Start of Stored data
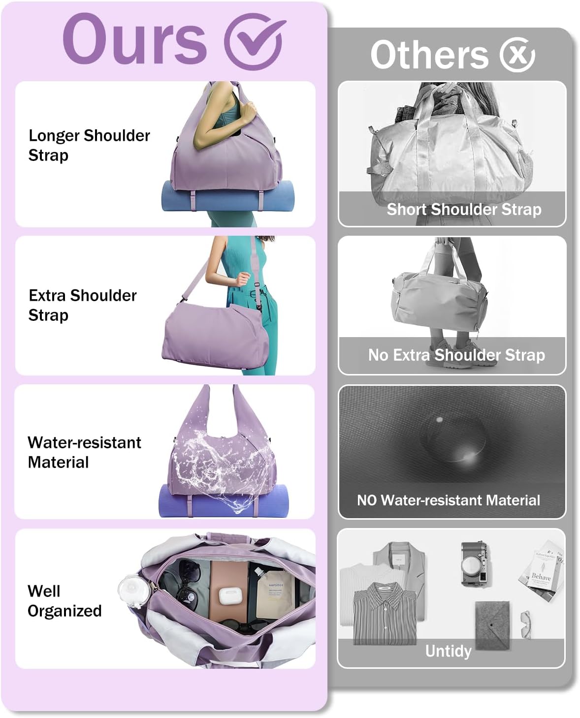 - Versatile Carrying Options: The longer tote strap enables you to carry the bag as a gym tote, while the detachable and adjustable shoulder strap allows you to wear it as a crossbody duffel bag
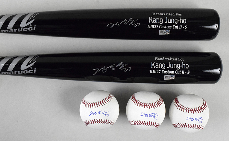 Description:Lot of (5) Jung Ho Kang signed professional model baseball bats & (10) signed baseballs - MLB Authenticated (NM-NM/MT). Includes (5) 34" Marucci "KJH27 Custom Cut II - S" Jung Ho Kang model bats all signed by Kang in silver marker (unused), and (10) R.Manfred ML balls all signed by Kang in blue ink. Signatures rate 7 to 9/10 (avg 8) out of 10. MLB Authenticated serial #ed hologram sticker is affixed to each: NM-NM/MT
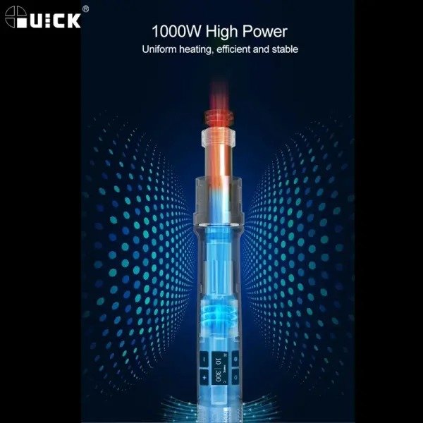 Despite its professional power, the TR1 remains impressively compact and lightweight. Its portable design makes it the perfect choice for field technicians, mobile repair service providers, and anyone who needs a reliable hot air tool on the go. Unlike bulky traditional rework stations, the QUICK TR1 can easily be transported in a toolkit or backpack without sacrificing performance. Its ergonomic grip and balanced weight distribution ensure long hours of fatigue-free use.
End of Stored data
About this task: Please ensure that the data above is repeated exactly, with no pictures in the copy.

Output of the task:
 - Versatile Carrying Options: The longer tote strap enables you to carry the bag as a gym tote, while the detachable and adjustable shoulder strap allows you to wear it as a crossbody duffel bag
 Description:Lot of (5) Jung Ho Kang signed professional model baseball bats & (10) signed baseballs - MLB Authenticated (NM-NM/MT). Includes (5) 34" Marucci "KJH27 Custom Cut II - S" Jung Ho Kang model bats all signed by Kang in silver marker (unused), and (10) R.Manfred ML balls all signed by Kang in blue ink. Signatures rate 7 to 9/10 (avg 8) out of 10. MLB Authenticated serial #ed hologram sticker is affixed to each: NM-NM/MT
 Despite its professional power, the TR1 remains impressively compact and lightweight. Its portable design makes it the perfect choice for field technicians, mobile repair service providers, and anyone who needs a reliable hot air tool on the go. Unlike bulky traditional rework stations, the QUICK TR1 can easily be transported in a toolkit or backpack without sacrificing performance. Its ergonomic grip and balanced weight distribution ensure long hours of fatigue-free use.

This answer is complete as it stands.